*** DATA EXCERPT ***

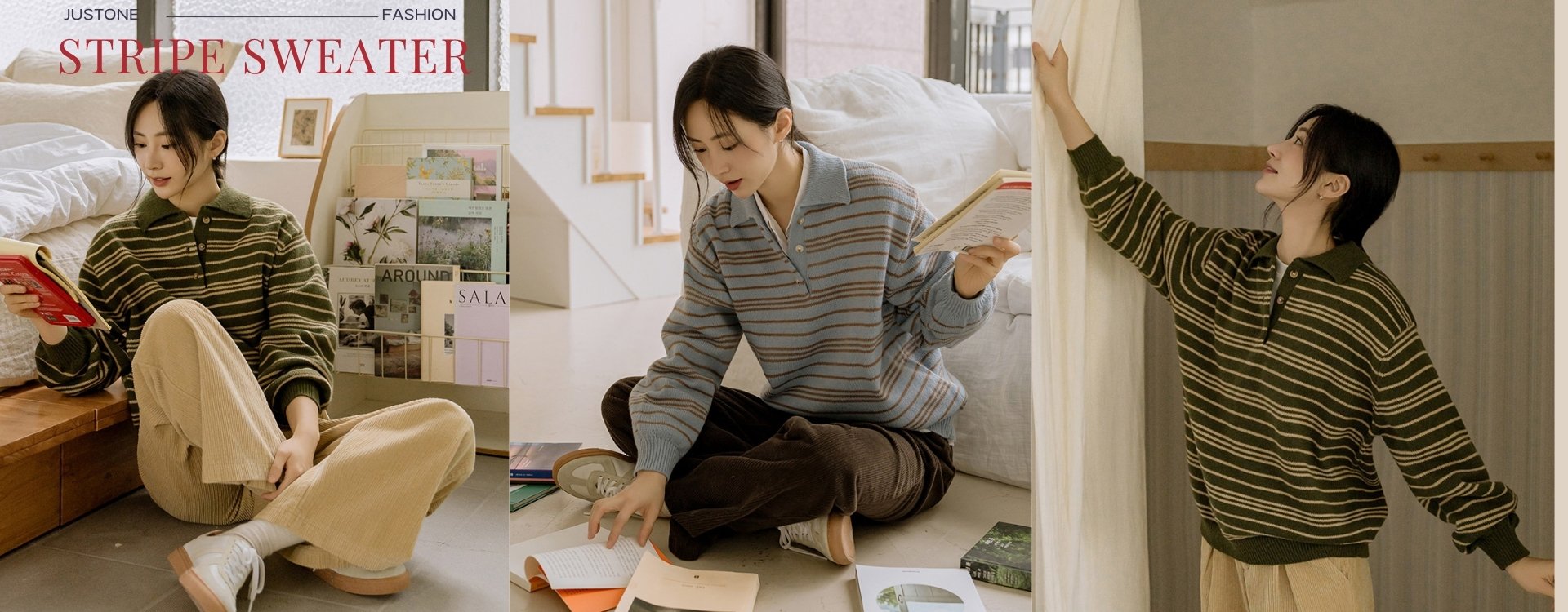 FREE A simple and neat striped shirt, JUSTONE's signature item! It is great for styling in various ways, either alone or as an inner layer. Wear it neatly without worries, as it is wrinkle-free!
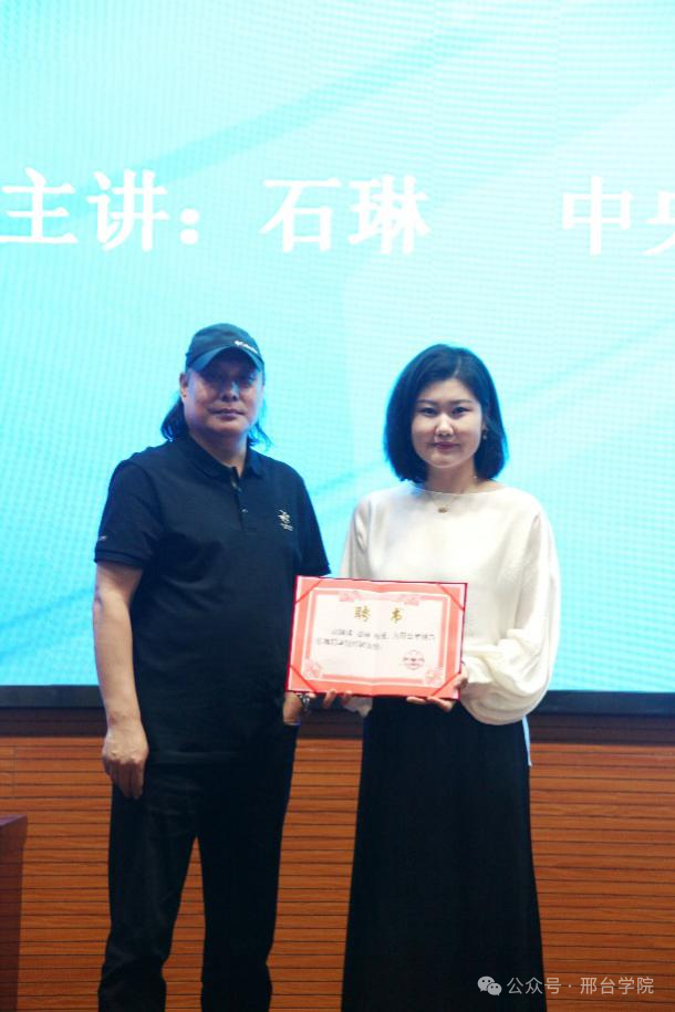 音乐舞蹈学院院长刘兴武对石琳教授的到来表示热烈欢迎和衷心感谢,并为石琳教授颁发“特聘教授”证书。
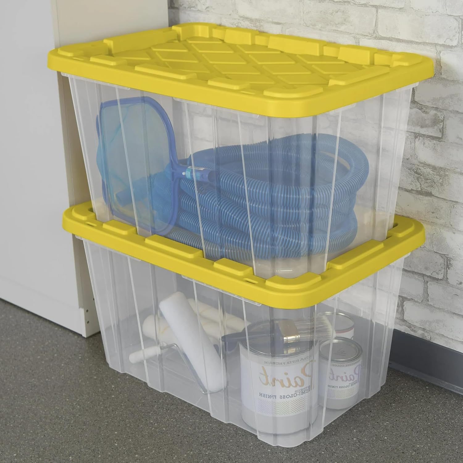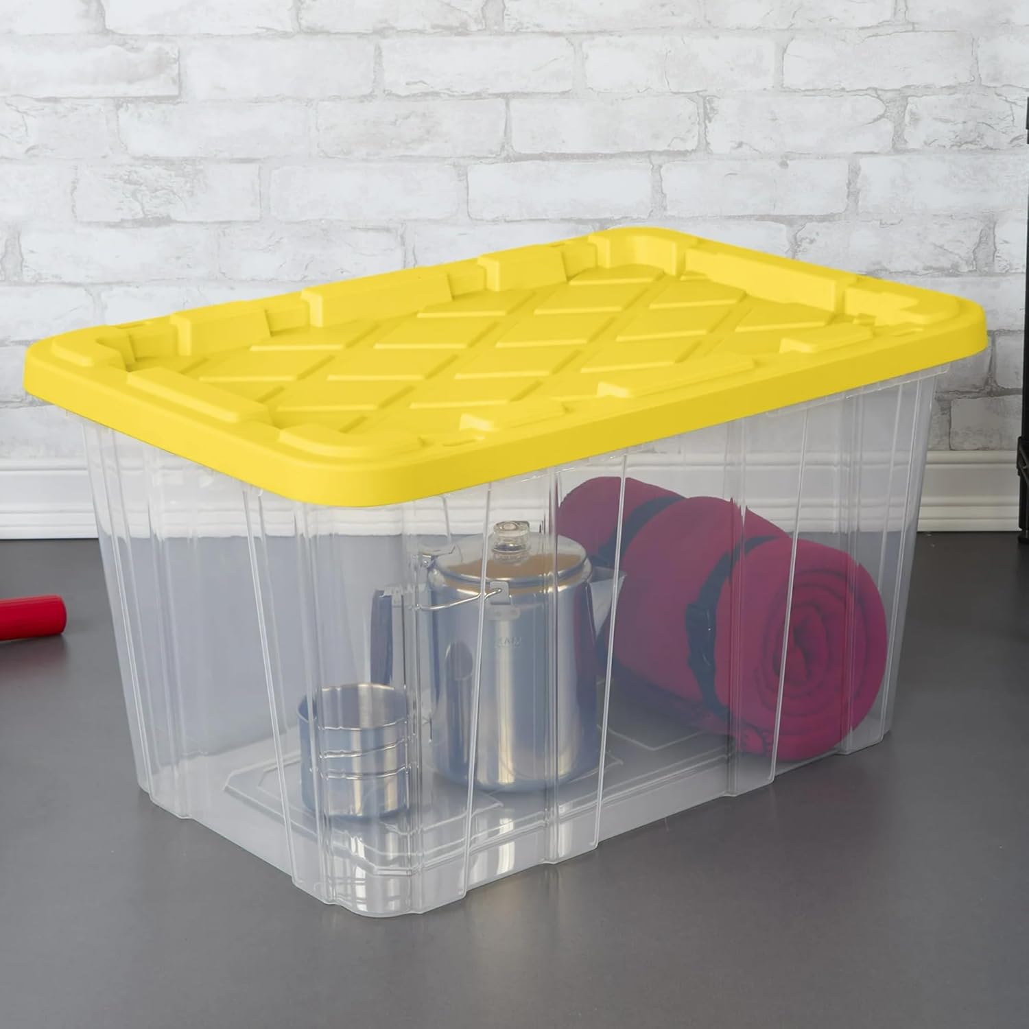 Reinforced Snap-Fit Lids for Protected Storage:Each storage bin with lid features a reinforced snap-fit lid that helps keep your stored valuables and contents contained, reducing the risk of spills or dust exposure. This reliable design helps make these 27-gallon storage totes a practical option for protecting seasonal items, pantry supplies, or personal belongings during both storage and transport.

*** End of DATA EXCERPT ***

» WHAT IS EXPECTED: In your output, include only the lines from the line containing "音乐舞蹈学院院长刘兴武对石琳" through the last line of the material above, exactly as they appear, and leave out the pictures.

» RESULT OF THE EXERCISE:
 音乐舞蹈学院院长刘兴武对石琳教授的到来表示热烈欢迎和衷心感谢,并为石琳教授颁发“特聘教授”证书。
 Reinforced Snap-Fit Lids for Protected Storage:Each storage bin with lid features a reinforced snap-fit lid that helps keep your stored valuables and contents contained, reducing the risk of spills or dust exposure. This reliable design helps make these 27-gallon storage totes a practical option for protecting seasonal items, pantry supplies, or personal belongings during both storage and transport.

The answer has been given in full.